The San Diego acetabuloplasty was developed to address the problems with dislocated hips in children with spastic cerebral palsy. Specifically, these issues are an elongated acetabulum and a superolateral acetabular deficiency. As with other acetabuloplasties, soft-tissue releases, open reduction, and femoral osteotomy may also be performed in conjunction with this procedure.

The patient is positioned supine, with a bump placed under the involved hip. Exposure is via a Smith-Peterson approach to the hip. Unlike the previously described procedures, only the outer table of the ilium is exposed subperiosteally. Exposure is carried out to the sciatic notch. The iliac apophysis is not split but instead elevated as a unit. A 1.5-cm-wide straight osteotome is used to make an osteotomy 0.5 cm to 1 cm above the edge of the acetabulum on a line drawn from the anteroinferior iliac spine to the sciatic notch. A preliminary notch is made at the extreme ends of the intended osteotomy, at the sciatic notch and the anteroinferior iliac spine, to prevent inadvertent fracture. The lateral cortex is cut, but the medial wall is kept intact; this will allow the fragment to bend freely. A 2-cm-wide curved osteotome is used to deepen the osteotomy in a medial and caudal direction behind the acetabulum to the horizontal limb of the triradiate cartilage (Figure 37-5). The osteotome should be directed halfway between the medial wall of the ilium and the medial wall of the acetabulum; this can be monitored with image intensification.
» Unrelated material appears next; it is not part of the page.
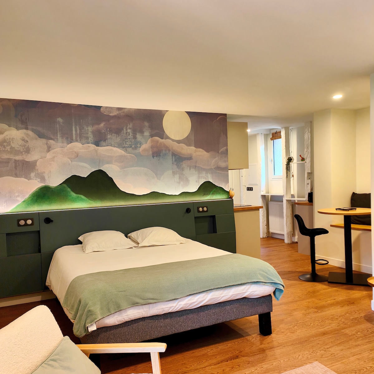 Studio Appart'hotel tout neuf, confortable et élégant avec tout le confort et les commodités d'un service hôtelier (draps, linge de toilette, ménage, Smart TV, literie confortable, Wi-Fi) doté d'une cuisine équipée (lave vaisselle, plaque induction, four micro ondes, machine à café Senséo, ustensiles cuisines...) vous permettant de gérer votre séjour en toute autonomie, comme à la maison ! Avec une vue imprenable sur le village et ses falaises.
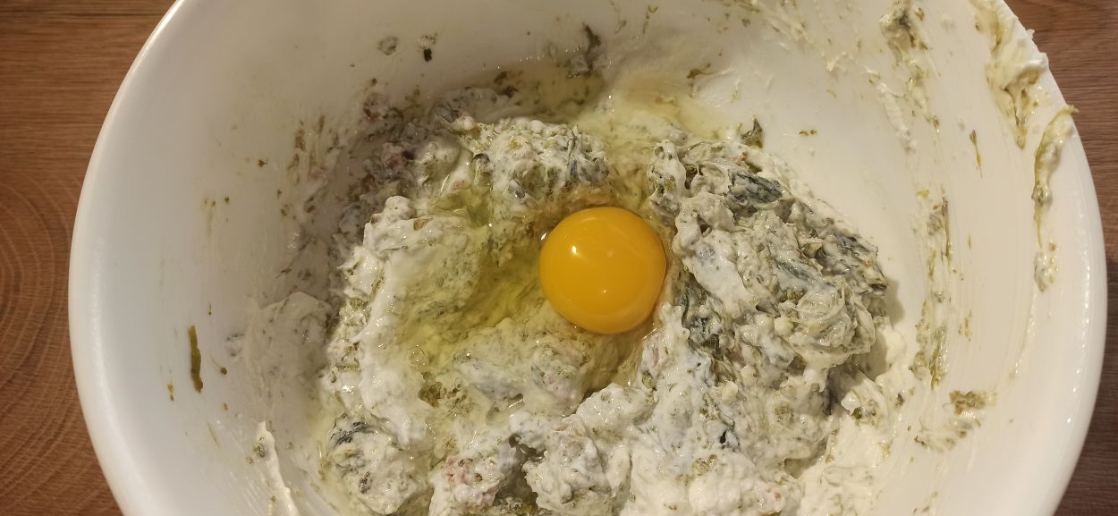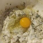 Mescolate bene, poi aggiungete la ricotta, il pepe, e la noce moscata. Mescolate ancora, poi aggiungete l’uovo.

Bicortical bone graft is obtained from the anterosuperior iliac spine and shaped into three or four small triangles with a base of 1 cm. The osteotomy site is opened with an osteotome or a lamina spreader. The grafts are placed into the osteotomy site, with the largest graft placed in the area in which maximum coverage is needed (Figure 37-6). This osteotomy is stable and does not require further fixation. The wound is closed. A 1½ hip spica cast is placed on the patient, with the hip in 45 degrees of flexion and 30 degrees of abduction.

Salvage Procedures

These procedures are usually reserved for hips that lack significant femoral head coverage because of an inability to acquire such coverage with articular cartilage by other osteotomies (i.e., rotational or volume reducing). These procedures place bone over the hip joint capsule on the uncovered portion of the femoral head. However, there are data that document the good long-term results of these procedures.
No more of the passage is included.